> _Stored dataset items_
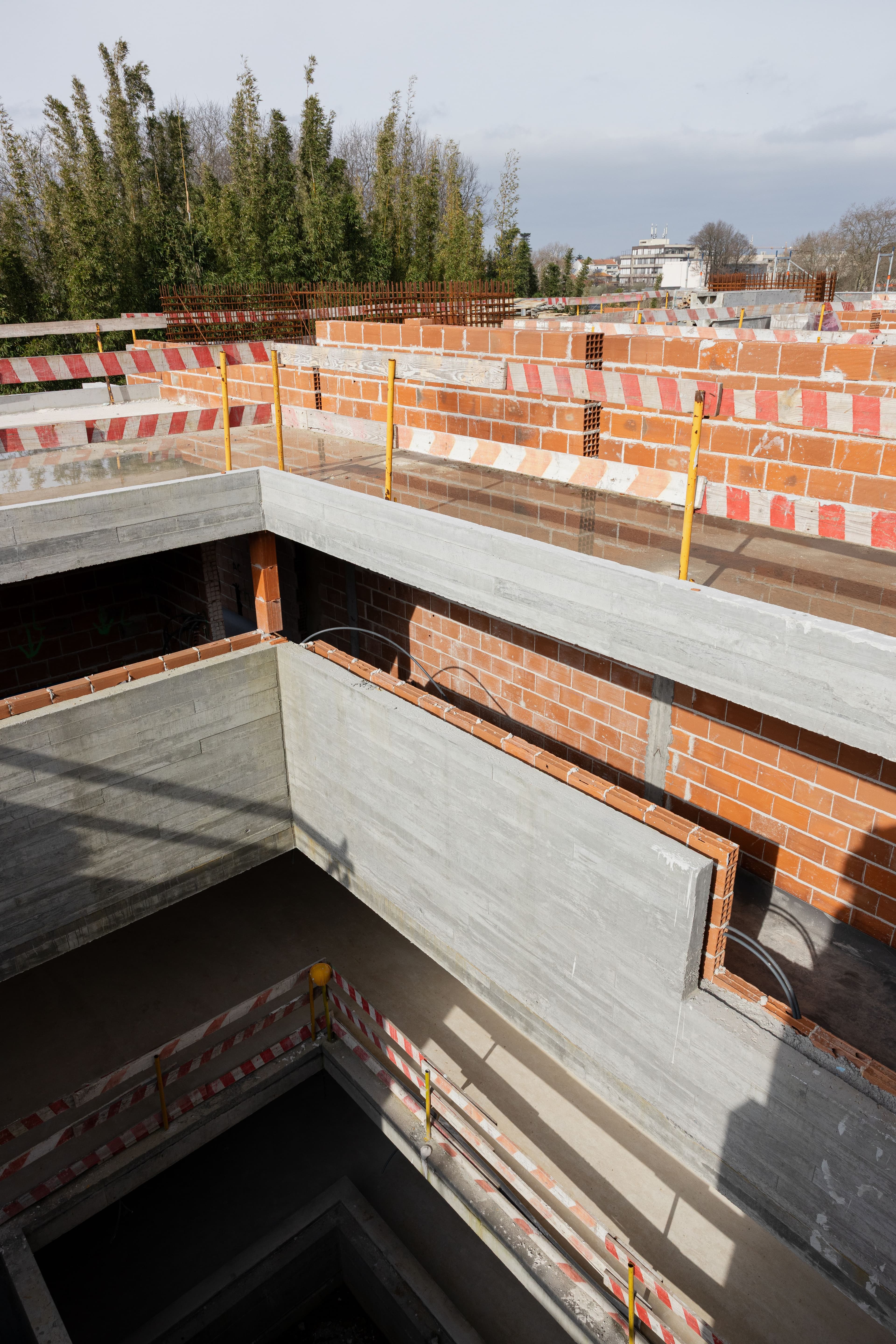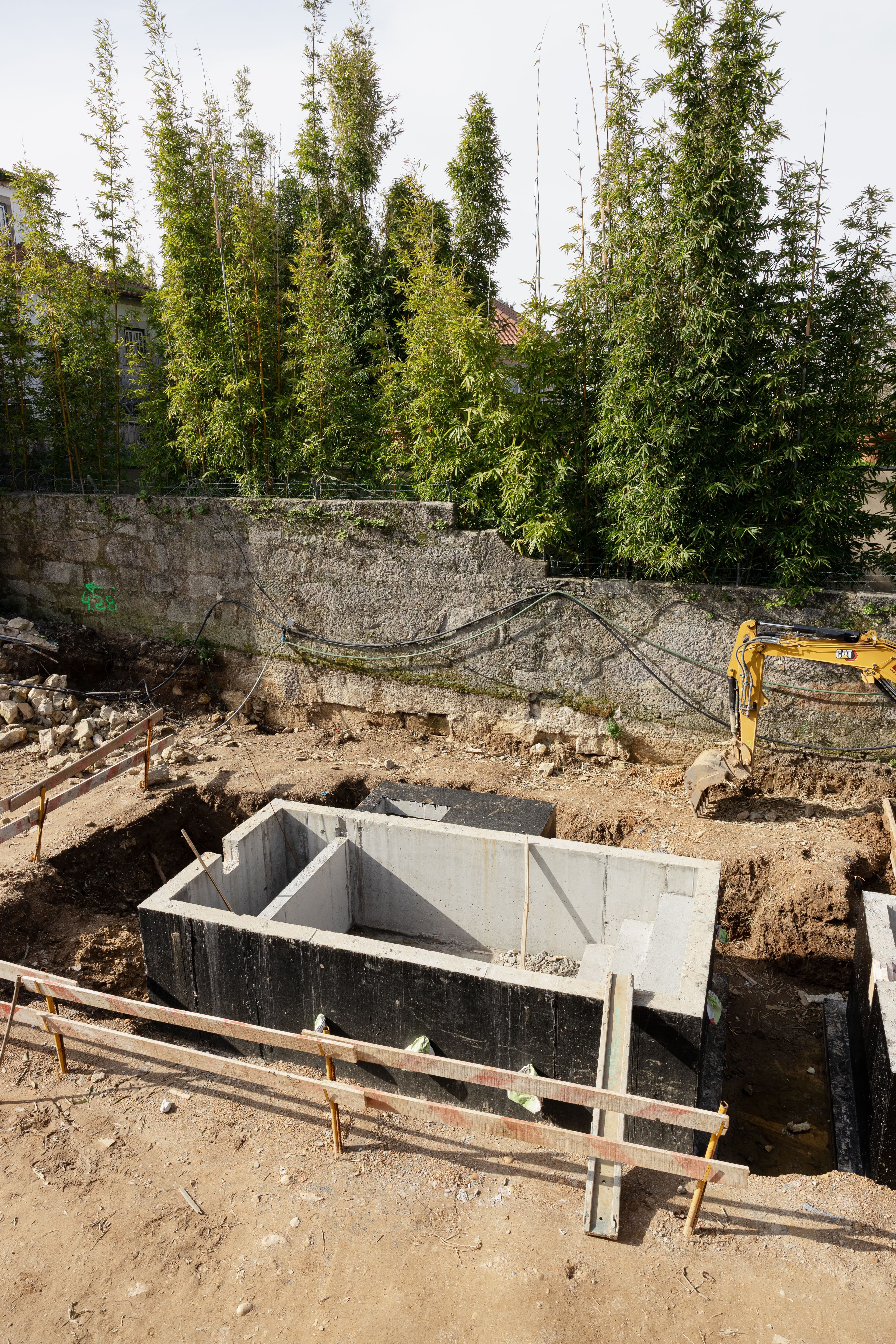 Entre jardins, pátios, espaços comuns, atravessamentos, procurou-se desenhar um conjunto de casas que procuram a sua autonomia dentro da continuidade de um espaço aberto, arborizado e tratado paisagisticamente.\nTodo o cuidado é pouco no redesenho desta circunstância. A nossa esperança é que os materiais se diluam neste contexto e lhe tragam a dignidade das construções correntes antigas contíguas, … e que o tempo permita que os edifícios e a sua arborização se fundam entre si e na envolvente próxima natural.
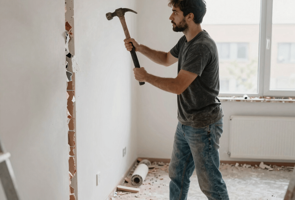 Dieser Prozess beinhaltet die Entfernung von nicht-tragenden Bauelementen wie Innenwänden, Bodenbelägen, Deckenverkleidungen, Sanitär- und Elektroinstallationen sowie anderen Ausstattungsgegenständen.
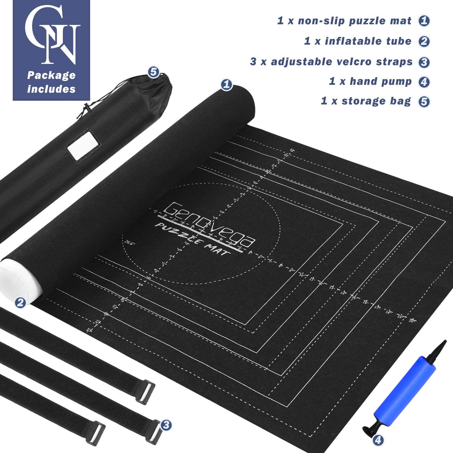 - Pakage Contents: 1* felt mat, 1*inflatable tube, 1*pump, 3*velcro straps, 1*storage bag. Make puzzling a breeze with Genovega Puzzle Mat Roll Up! The felt mat provides a smooth surface for easy puzzle assembly, and the included sorting tray keeps your pieces organized.
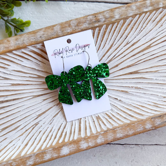 Sadie Skinny Bow - Green Glitter
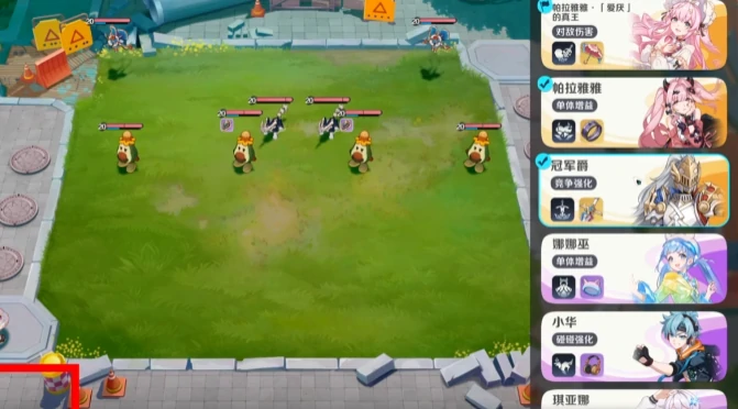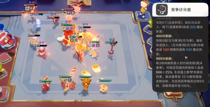 对战在8×8棋盘,机制类似简化自走棋,省抽卡合成,易上手。棋盘有增益特殊格子,左侧显已激活阵营效果,三只饱食阵营精灵提升全体生命值。右侧看精灵状态血条,可调技能释放顺序,优先星光蛾治疗。装备按钮配三件装备,战力绝对优势可跳过战斗省时间。
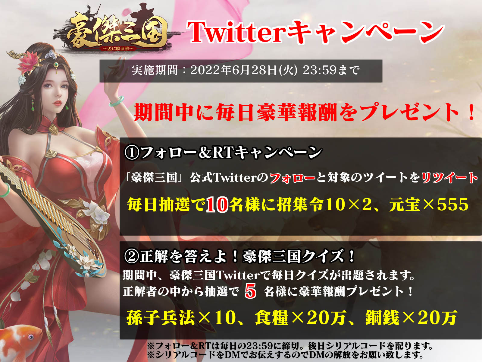 「豪傑三国〜盃に映る華〜」,Yahoo!モバゲーとMobageでのサービス開始を記念したTwitterキャンペーン開催
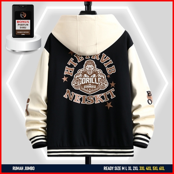 Jaket Pria Hoodie Zipper Hitam Cream Jumbo Gorila M-6xl Hoodie Oversize Jaket Hodie Zipper Custom
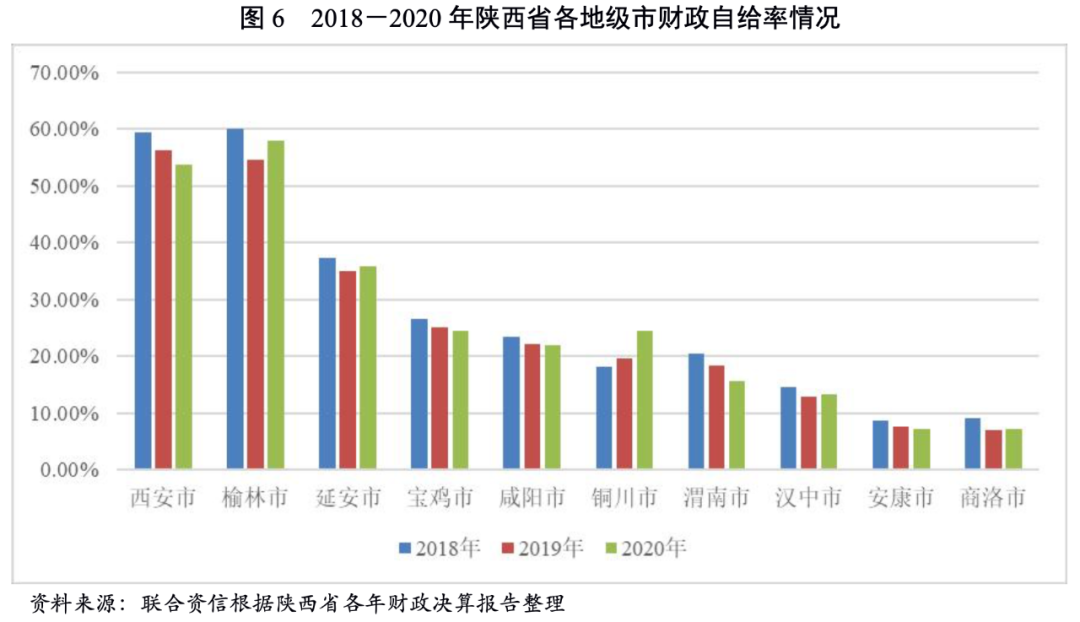 3.陜西省各地級(jí)市財(cái)政收入對(duì)發(fā)債城投企業(yè)債務(wù)的支持保障能力
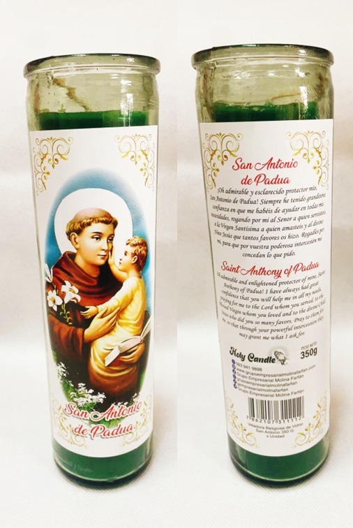 Veladora Religiosa Holy Candle 350 g. San Antonio de Padua color blanco, amarillo, azul, rojo, verde, naranja, lila, rosado.
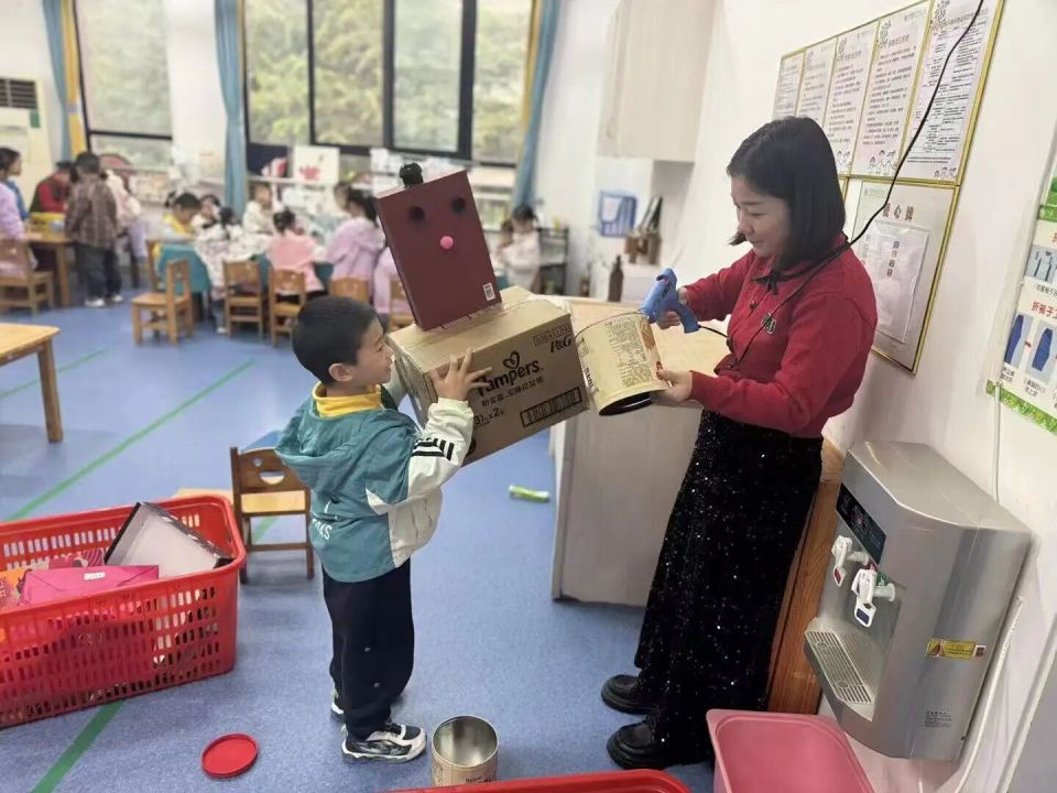 美工区中,孩子们用彩纸、黏土、废旧材料设计AI机器人,每一个作品都藏着温暖的心愿:有的给机器人装上“爱心探测器”,能发现不开心的小朋友;有的给机器人设计“环保口袋”,能捡起地上的垃圾;有的给机器人配上“知识大脑”,能解答所有难题。
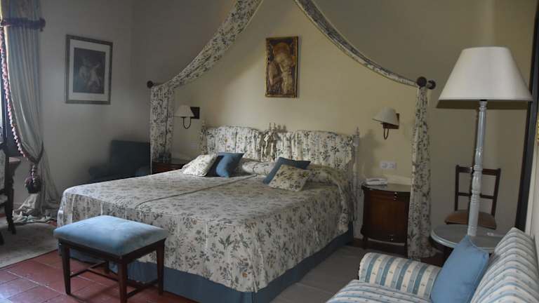 Das Hospedium Hotel Caserío de Lobones verfügt über komfortable Zimmer, die im authentischen spanischen Stil eingerichtet sind. Das Gebäude stammt aus dem 17. Jahrhundert und wurde sorgfältig restauriert, um viele der charmanten Originalmerkmale zu bewahren. Jedes Zimmer ist mit eleganten Vorhängen, antiken Möbeln und religiösen Gemälden ausgestattet, die eine gemütliche und traditionelle Atmosphäre schaffen. Das Hotel bietet auch eine Kapelle aus dem 19. Jahrhundert, die einen besonderen Charme verleiht.
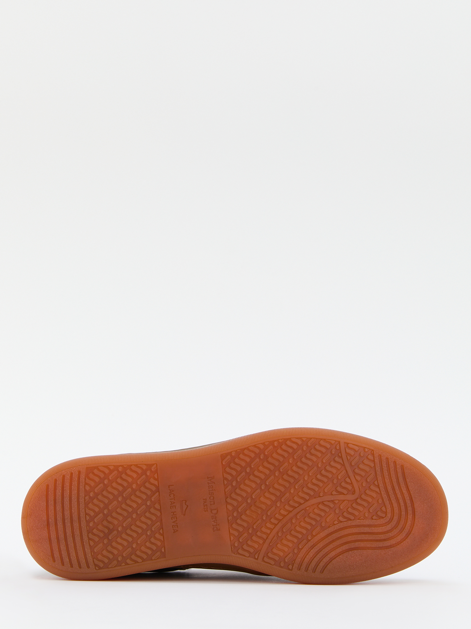 ​Каучуковые подошвы не промокают, их можно носить в любую погоду. Каучук переносит морозы лучше резиновых подошв: он меньше грубеет и не теряет эластичности. Обувь с каучуковой подошвой – хороший выбор, если вы много времени проводите на ногах. Характерная липкость материала делает подошвы нескользкими, вы будете чувствовать себя уверенно на разных покрытиях (плитке, ламинате, асфальте). Подошву на основе натурального каучука можно узнать по маркировке «Lactae Hevea» или «Latex 100% naturel».
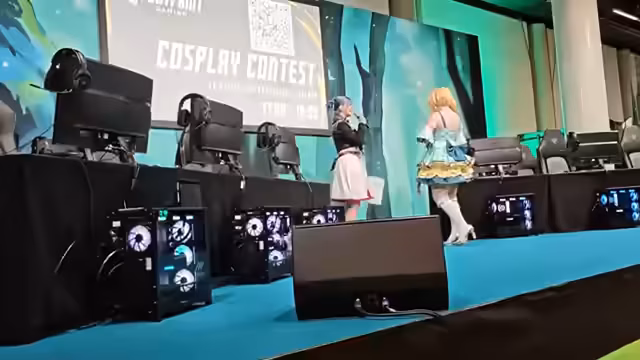02:56:04Der Cosplay-Contest wird mit einem Gruppenfoto aller Teilnehmer auf der Bühne abgeschlossen. Es folgt eine anschließende Diskussion über die Gesamtperformances, der offizielle Gewinner wird präsentiert und die Jury-Tätigkeit wird reflektiert. Der Streamer wechselt dann von der Bühne in die Veranstaltungsräume, beschreibt die Stimmung und die anstehende Party-Phase. Es werden erste Eindrücke der Messeumgebung und der diversen Besucherströme vermittelt.
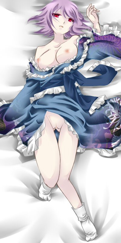 Tags: 1girlsbare shouldersbedbreastsfemalefootwearhal (pixiv53536)japanese clotheskimonolyingnipplesno brano pantiesoff shoulderon backopen mouthpurple hairpussyred eyesshort hairsockssolotabithigh gapthighs
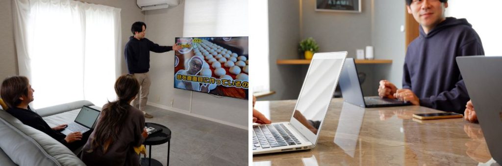 同施設の2階リビングには75インチの大型テレビ、隣接する防音仕様のシアタールームには約100インチ相当のプロジェクター投影を完備しており、大画面でのプレゼン・共有にも最適。
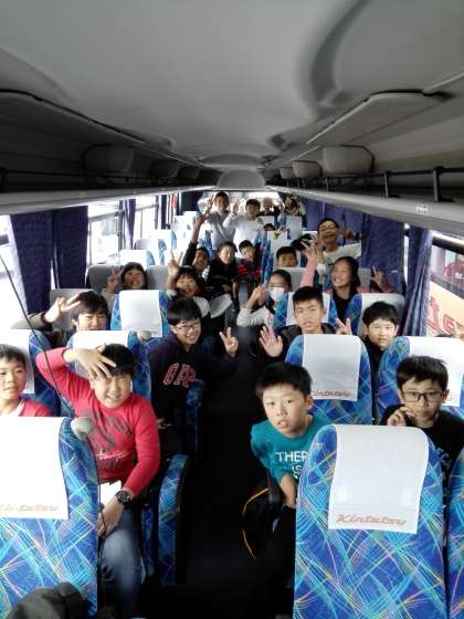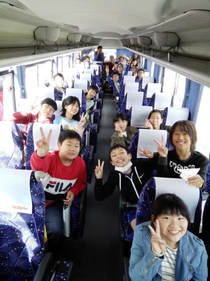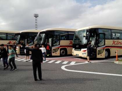 トイレ休憩です。1号車も2号車も、全員元気です。
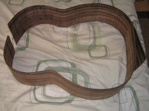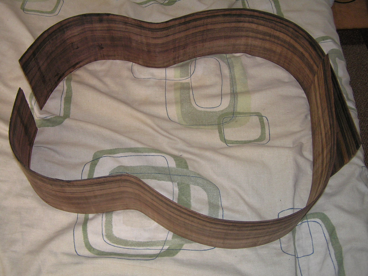 I have bent the Macassar Ebony sides. My new bending iron is a great success and functioned perfectly. I can actually feel the wood go soft as it gets hot, it has made side bending an absolute pleasure. If anyone wants to make something similar then I am happy to supply the source assembly code for the PIC16F876 or PIC16C63, the only other item required to build the bending iron is a 10amp 240vac solid state relay. Just ask and I will post the code on this blog.
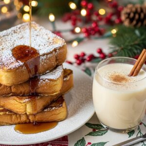Serve it with powdered sugar, maple syrup, and a sprinkle of nutmeg for a comforting and festive dish.
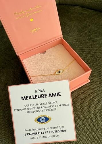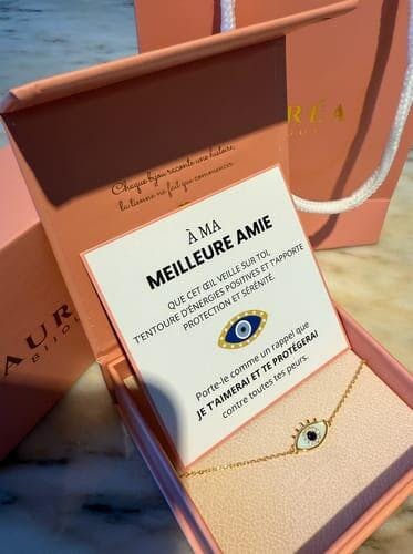 "An meine beste Freundin, möge dieses Auge über dich wachen, dich mit positiver Energie umgeben und dir Schutz und Gelassenheit bringen. Trage es als Erinnerung daran, dass ich dich lieben werde und dir werde dich vor all deinen Ängsten schützen."

> _Goal of the exercise_
Copy the data in full. No pictures belong in the copy.

> _Expected answer_
 Entre jardins, pátios, espaços comuns, atravessamentos, procurou-se desenhar um conjunto de casas que procuram a sua autonomia dentro da continuidade de um espaço aberto, arborizado e tratado paisagisticamente.\nTodo o cuidado é pouco no redesenho desta circunstância. A nossa esperança é que os materiais se diluam neste contexto e lhe tragam a dignidade das construções correntes antigas contíguas, … e que o tempo permita que os edifícios e a sua arborização se fundam entre si e na envolvente próxima natural.
 Dieser Prozess beinhaltet die Entfernung von nicht-tragenden Bauelementen wie Innenwänden, Bodenbelägen, Deckenverkleidungen, Sanitär- und Elektroinstallationen sowie anderen Ausstattungsgegenständen.
 - Pakage Contents: 1* felt mat, 1*inflatable tube, 1*pump, 3*velcro straps, 1*storage bag. Make puzzling a breeze with Genovega Puzzle Mat Roll Up! The felt mat provides a smooth surface for easy puzzle assembly, and the included sorting tray keeps your pieces organized.
 Sadie Skinny Bow - Green Glitter
 对战在8×8棋盘,机制类似简化自走棋,省抽卡合成,易上手。棋盘有增益特殊格子,左侧显已激活阵营效果,三只饱食阵营精灵提升全体生命值。右侧看精灵状态血条,可调技能释放顺序,优先星光蛾治疗。装备按钮配三件装备,战力绝对优势可跳过战斗省时间。
 「豪傑三国〜盃に映る華〜」,Yahoo!モバゲーとMobageでのサービス開始を記念したTwitterキャンペーン開催
 Jaket Pria Hoodie Zipper Hitam Cream Jumbo Gorila M-6xl Hoodie Oversize Jaket Hodie Zipper Custom
 3.陜西省各地級(jí)市財(cái)政收入對(duì)發(fā)債城投企業(yè)債務(wù)的支持保障能力
 Veladora Religiosa Holy Candle 350 g. San Antonio de Padua color blanco, amarillo, azul, rojo, verde, naranja, lila, rosado.
 美工区中,孩子们用彩纸、黏土、废旧材料设计AI机器人,每一个作品都藏着温暖的心愿:有的给机器人装上“爱心探测器”,能发现不开心的小朋友;有的给机器人设计“环保口袋”,能捡起地上的垃圾;有的给机器人配上“知识大脑”,能解答所有难题。
 Das Hospedium Hotel Caserío de Lobones verfügt über komfortable Zimmer, die im authentischen spanischen Stil eingerichtet sind. Das Gebäude stammt aus dem 17. Jahrhundert und wurde sorgfältig restauriert, um viele der charmanten Originalmerkmale zu bewahren. Jedes Zimmer ist mit eleganten Vorhängen, antiken Möbeln und religiösen Gemälden ausgestattet, die eine gemütliche und traditionelle Atmosphäre schaffen. Das Hotel bietet auch eine Kapelle aus dem 19. Jahrhundert, die einen besonderen Charme verleiht.
 ​Каучуковые подошвы не промокают, их можно носить в любую погоду. Каучук переносит морозы лучше резиновых подошв: он меньше грубеет и не теряет эластичности. Обувь с каучуковой подошвой – хороший выбор, если вы много времени проводите на ногах. Характерная липкость материала делает подошвы нескользкими, вы будете чувствовать себя уверенно на разных покрытиях (плитке, ламинате, асфальте). Подошву на основе натурального каучука можно узнать по маркировке «Lactae Hevea» или «Latex 100% naturel».
02:56:04Der Cosplay-Contest wird mit einem Gruppenfoto aller Teilnehmer auf der Bühne abgeschlossen. Es folgt eine anschließende Diskussion über die Gesamtperformances, der offizielle Gewinner wird präsentiert und die Jury-Tätigkeit wird reflektiert. Der Streamer wechselt dann von der Bühne in die Veranstaltungsräume, beschreibt die Stimmung und die anstehende Party-Phase. Es werden erste Eindrücke der Messeumgebung und der diversen Besucherströme vermittelt.
 Tags: 1girlsbare shouldersbedbreastsfemalefootwearhal (pixiv53536)japanese clotheskimonolyingnipplesno brano pantiesoff shoulderon backopen mouthpurple hairpussyred eyesshort hairsockssolotabithigh gapthighs
 同施設の2階リビングには75インチの大型テレビ、隣接する防音仕様のシアタールームには約100インチ相当のプロジェクター投影を完備しており、大画面でのプレゼン・共有にも最適。
 トイレ休憩です。1号車も2号車も、全員元気です。
 I have bent the Macassar Ebony sides. My new bending iron is a great success and functioned perfectly. I can actually feel the wood go soft as it gets hot, it has made side bending an absolute pleasure. If anyone wants to make something similar then I am happy to supply the source assembly code for the PIC16F876 or PIC16C63, the only other item required to build the bending iron is a 10amp 240vac solid state relay. Just ask and I will post the code on this blog.
Serve it with powdered sugar, maple syrup, and a sprinkle of nutmeg for a comforting and festive dish.
 "An meine beste Freundin, möge dieses Auge über dich wachen, dich mit positiver Energie umgeben und dir Schutz und Gelassenheit bringen. Trage es als Erinnerung daran, dass ich dich lieben werde und dir werde dich vor all deinen Ängsten schützen."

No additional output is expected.